▸ **Dataset excerpts**:
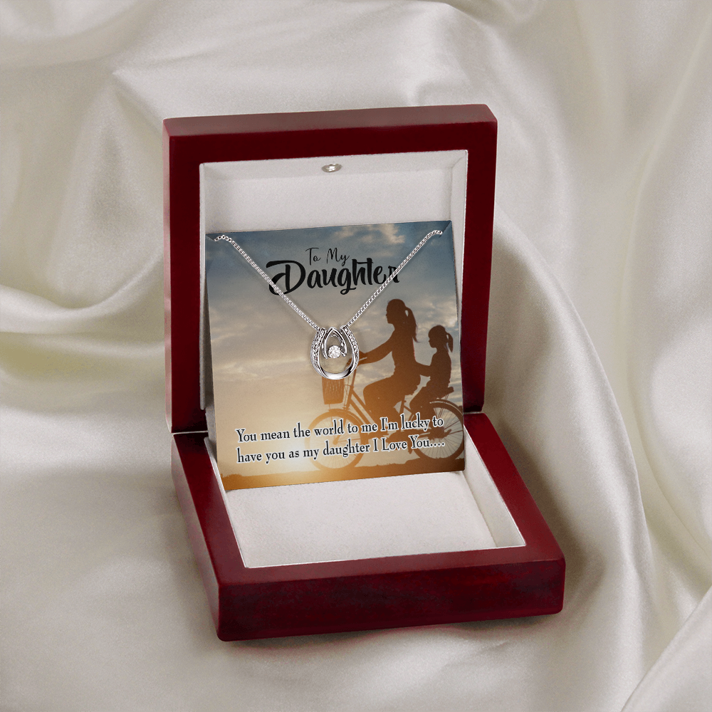 To My Daughter You Mean the World to Mom Lucky Horseshoe Necklace Message Card 14k w CZ Crystals
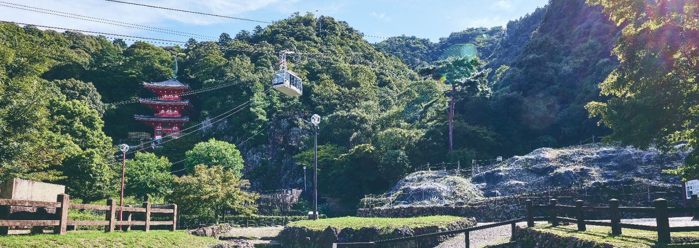 冠木門をくぐり、緑に囲まれた一帯を歩くと、信長公がこの地を治めていた当時の雰囲気を感じることができます。居館跡は、岩盤を加工した庭園や巨石を使用した石垣 が壮大で、目の前で見るとかなりの迫力です。
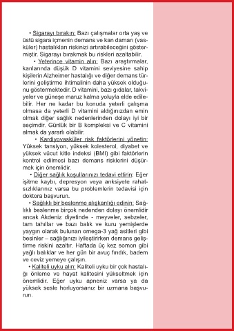 Demans; hafızayı, düşünmey� ve ğında, düşünme, davranış ve duy- • S�garayı bırakın: Bazı çalışmalar orta yaş ve
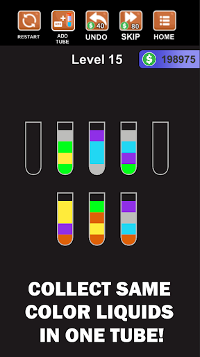 Water Sort Puzzle is a fun and addictive puzzle game! Try to separate the cup of colored water until all the colors are the same cup. It's time to know how smart you all are. A challenging yet relaxing game to train your brain!
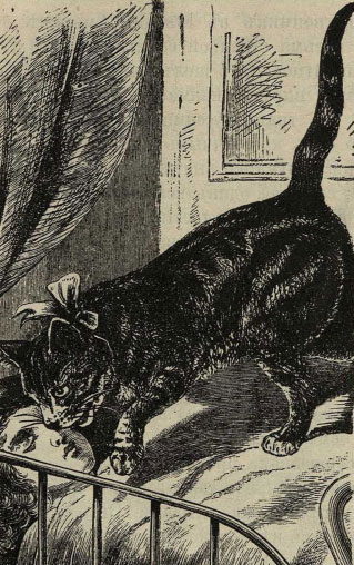 Ребенок не просыпался. Тогда кошка ударила его лапкой по лицу и замяукала над самым ухом. Мальчик открыл глаза, вздохнул и, почувствовав запах гари, – тем временем дым успел уже проникнуть в детскую, – бросился со всех ног по лестнице вниз, а кошка за ним. Таким образом преданное животное спасло мальчика от страшной опасности сгореть заживо.
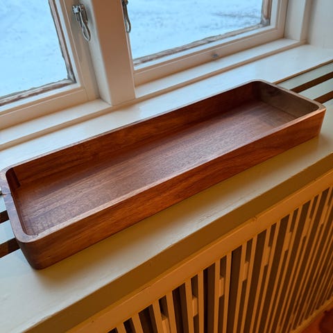 Et stilrent og håndlaget oppbevaringsbrett i tre, perfekt til fjernkontroller på stuebordet, men også fint til lys, dekor, nøkler eller andre småting du vil ha samlet og ryddig.

▸ **Assignment**: Give back, exactly as written, the lines from the top of the material through the line with "Demans; hafızayı, düşünmey�", ends included and pictures left aside.

▸ **Solution for this exercise**:
 To My Daughter You Mean the World to Mom Lucky Horseshoe Necklace Message Card 14k w CZ Crystals
 冠木門をくぐり、緑に囲まれた一帯を歩くと、信長公がこの地を治めていた当時の雰囲気を感じることができます。居館跡は、岩盤を加工した庭園や巨石を使用した石垣 が壮大で、目の前で見るとかなりの迫力です。
 Demans; hafızayı, düşünmey� ve ğında, düşünme, davranış ve duy- • S�garayı bırakın: Bazı çalışmalar orta yaş ve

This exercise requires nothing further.